La elección de las víctimas no importaba mucho mientras fueran comunistas destacados. Hasta entonces la prioridad para la dirección comunista de cada país del imperio exterior había sido la persecución de aquellos elementos de la sociedad que se oponían a la implantación del comunismo. Las viejas élites de la política y la economía, la iglesia y las fuerzas armadas habían sido las elegidas para ser puestas bajo arresto y enviadas a campos de trabajos forzados o ejecutadas. Los partidos comunistas habían tenido que hacer que sus miembros se infiltraran en todas las instituciones públicas. Tenían que copiar la estructura básica del estado soviético y mantener estrechas relaciones bilaterales con Moscú. Débiles en número en 1945, habían tenido que convertirse rápidamente en partidos de masas. Su tarea había sido adoctrinar, reclutar y gobernar en un ambiente donde sabían que el grueso de la población los odiaba. Sin embargo, ellos mismos siempre habían sido objeto de sospecha por parte del Líder del Kremlin. Antes del fin de la Segunda Guerra Mundial los consideró demasiado doctrinarios y les ordenó que se esforzaran por identificarse con los intereses de sus respectivas naciones. Luego, cuando se estableció la estructura comunista básica, cambió de tercio y los conminó a restar importancia a los aspectos nacionales de la política. En el bloque del Este iba a prevalecer un orden monolítico. La obediencia total se convertiría en el principio rector y había que dar ejemplo —según Stalin— con unas pocas de las primeras estrellas brillantes de la Cominform.

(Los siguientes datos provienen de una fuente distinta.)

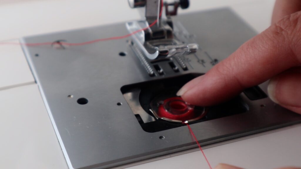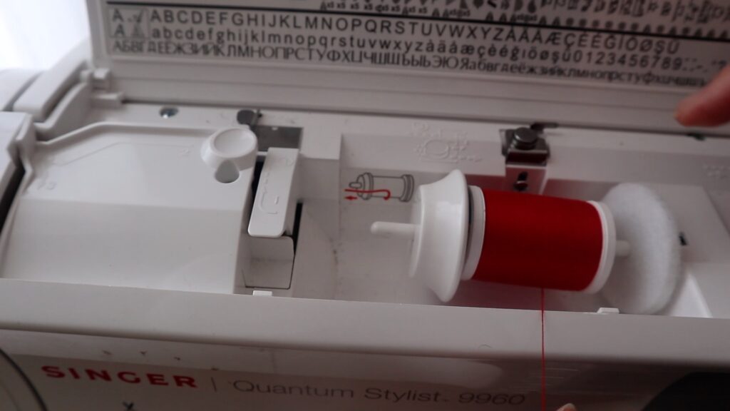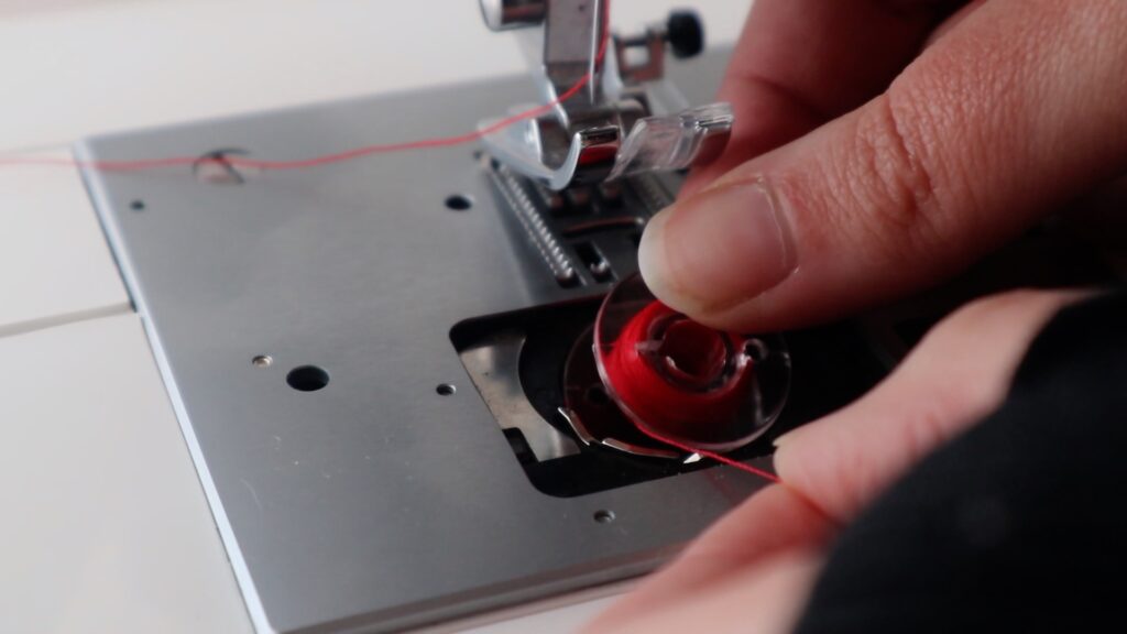 Placing the bobbin in your machine, you’re going to ensure the thread is going counter clockwise.

El proceso fue escrutado por Stalin en los informes de la MVD que recibía de las capitales de Europa oriental. Se aplicaron torturas, antes reservadas sólo a los no comunistas, a Rajk, Pauker y Slánsky. Las palizas fueron espantosas. Se les prometió a las víctimas que se les perdonaría la vida si confesaban ante el tribunal los cargos que se les imputaban. Aquí se lució la pericia de la Lubianka. Las mismas técnicas que se aplicaron contra Kámenev, Zinóviev, Bujarin y Piatakov se utilizaron en los calabozos y en los tribunales de Budapest, Bucarest y Praga. No todos los periodistas occidentales conocían la realidad del Gran Terror a finales de la década de los treinta. El error no se repitió después de la Segunda Guerra Mundial. Los medios de comunicación de Norteamérica y de Europa occidental denunciaron los juicios. Stalin fue justamente acusado de ser el verdadero criminal.

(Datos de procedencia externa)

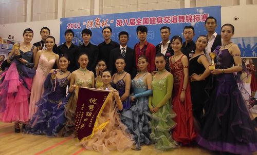 由国家体育总局社会体育指导中心、中国体育舞蹈联合会主办的“横岗杯”第八届全国健身交谊舞锦标赛于11月19、20两日在深圳龙岗区体育中心综合馆举行。参加此次比赛的有久久不卡区、武汉体育学院等来自全国各地的37支代表队共计800对选手。我院11对参赛选手在体育舞蹈教研室刘伟校主教练的带领下参加比赛。经过预赛、复赛与决赛的激烈角逐,我院健儿不负众望,共获得一等奖12个、二等奖26个、三等奖19个的好成绩,同时,院代表队还被大赛组委会授予“优秀组织奖”。

Los aterrados líderes comunistas mantenían un acatamiento exterior y ninguno sabía si los juicios podrían ser el preludio de purgas más amplias. Mientras tanto, el bloque oriental demostraba su fidelidad a la Revolución de octubre, a la URSS y a su líder Stalin. Se puso su nombre a varias ciudades. Sus obras se publicaron en todas las lenguas de la región. Sus políticas eran objeto de la veneración oficial. Sin embargo, bajo la superficie el resentimiento popular era inmenso. La intolerancia religiosa de las autoridades comunistas causó repulsión. La negativa a destinar recursos suficientes para satisfacer las necesidades del consumo molestaba a sociedades enteras. Las restricciones culturales disgustaban a la intelliguentsia. Ningún gobierno comunista presentaba una auténtica propuesta de cambio y todos ellos eran vistos sin excepción como un conjunto de títeres soviéticos. Los países de Europa occidental mostraban a ratos su descontento por la hegemonía de los Estados Unidos, pero la ira hacia el gobierno de la URSS era más amplia y profunda en Europa oriental. Sin la ocupación militar soviética y la penetración de la MVD, ningún régimen comunista habría durado más de unos pocos días a principios de la década de los cincuenta. Stalin había adquirido la zona de amortiguación que anhelaba, pero sólo al precio de convertir esos países en una región hostil a sus designios y constantemente reprimida. Finalmente su victoria política entre 1945 y 1948 estaba destinada a convertirse en una victoria pírrica.